I first reviewed Hou Hsiao-Hsien’s The Assassin back in October when it was a part of the New York Film Festival. At the time, I praised it for its visual audacity and narrative simplicity all the while wondering who exactly the audience was for it. Now, following a surge of year end awards and lists across any and all facets of cinema writing, blogging and conversing, it is clear that Hou’s film made a big splash with tastemakers. But, as I feared, it didn’t find the audience it deserved to find theatrically. Well Go USA have brought it to home video domestically and hopefully this is where it garners the fandom it should have gotten months ago. If you want to read my thoughts on the film from October, you can do so here.
I’m not going to review the film again, but I have some comments from my various re-watches over the past few months. I saw it once more theatrically and once via Well Go’s Blu-ray release. Both times I was as captivated as I was in the auditorium at Lincoln Center last October, yet now I was able to let the narrative exist as an aside and let each precise element wash over me. A lot is being said for the nature photography of The Revenant with its strict use of natural light and sweeping vistas, but The Assassin captures the world in a far more aesthetically pleasing and, perhaps, organic manner. The images here are lush, inviting and mesmerizing in a way that we don’t typically associate with genre cinema. Hou’s film transgresses the wuxia genre and becomes something of a personal experience for the viewer – at least for me, anyway – that puts it right up there with other masterworks like A Touch of Zen and Dragon Inn, but invites comparisons to work that is even more contemplative and austere. The action is sparse and brutal but has even more of an impact at home where everything feels more intimate and confrontational.

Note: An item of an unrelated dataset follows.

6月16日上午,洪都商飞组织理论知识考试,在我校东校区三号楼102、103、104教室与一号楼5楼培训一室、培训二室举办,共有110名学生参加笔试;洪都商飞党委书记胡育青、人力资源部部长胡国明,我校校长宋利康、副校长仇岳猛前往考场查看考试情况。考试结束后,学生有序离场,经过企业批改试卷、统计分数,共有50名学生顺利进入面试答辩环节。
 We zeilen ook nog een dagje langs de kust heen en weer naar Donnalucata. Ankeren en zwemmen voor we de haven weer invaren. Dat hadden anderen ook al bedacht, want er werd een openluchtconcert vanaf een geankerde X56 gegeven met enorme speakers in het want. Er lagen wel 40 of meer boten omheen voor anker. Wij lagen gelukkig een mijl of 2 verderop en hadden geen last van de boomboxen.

I’m still not entirely sure who the audience for The Assassin is, but it exists and it will be far more accessible now than it was in its limited US theatrical run. I was really hoping for it to earn its way into the Best Foreign Film category at the Oscars if only to find viewers that way, but that was apparently not meant to be. And what a mistake that was. Hou’s film is elegant, challenging and unique in a way that we seldom see anymore in general, let alone in the martial arts genre. If that isn’t something you’re looking for – something that you need – well, there’s a lot of other films out there for you.

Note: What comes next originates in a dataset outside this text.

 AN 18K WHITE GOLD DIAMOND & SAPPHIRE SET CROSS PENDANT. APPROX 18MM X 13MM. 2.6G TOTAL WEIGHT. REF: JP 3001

Well Go have brought The Assassin to Blu-ray domestically and it looks just as good as I’d hoped it would. Both of the times that I saw it theatrically, there were aspect ratio hurdles with theater tech staff apparently not understanding that Hou used various aspect ratios for the film, and to great effect at that. Naturally, that’s not an issue with the Blu-ray, with all ratios presented properly. This was shot on 35mm and every frame is rather stunning to look at. From the black and white opening sequence, to the nightime sequences lit by flame to the vibrant colors of flowers. It’s all beautiful and Well Go’s transfer does it justice. In all honesty, this disc looks better than the DCP that I saw projected. It’s that good. Audio is in DTS HD MA 5.1 and it’s an organically bombastic track with dialogue delivered clearly and music coming in as thunderous as it should, when it should. There is no dub track included, so if that’s a thing that you’re looking for, look elsewhere.
Unfortunately, there’s not much in the way of supplements here. I was really hoping for a commentary or some sort of lengthy video feature but what we get is solid albeit little. There are four behind the scenes featurettes: “The Actors: No Rehearsals,” “The Fights Between Masters,” “Nie Yinniang,” and “A Time Machine to the Tang Dynasty.” Together they all total about thirteen minutes, which isn’t much. There’s some good information in there and every bit of video content is welcome but it’s all over way too fast. There’s also a theatrical trailer.
I’m very happy to have The Assassin now available on home video in the US. Not just so that I can revisit it whenever I want but so that others can discover it for the first time. It’s a special piece of cinema that can offer infinite rewards to patient viewers that are looking for something different and Well Go’s Blu-ray offers praise worthy A/V presentation. There could have been more offered for special features, but I’m happy to have what there is. Highly Recommended.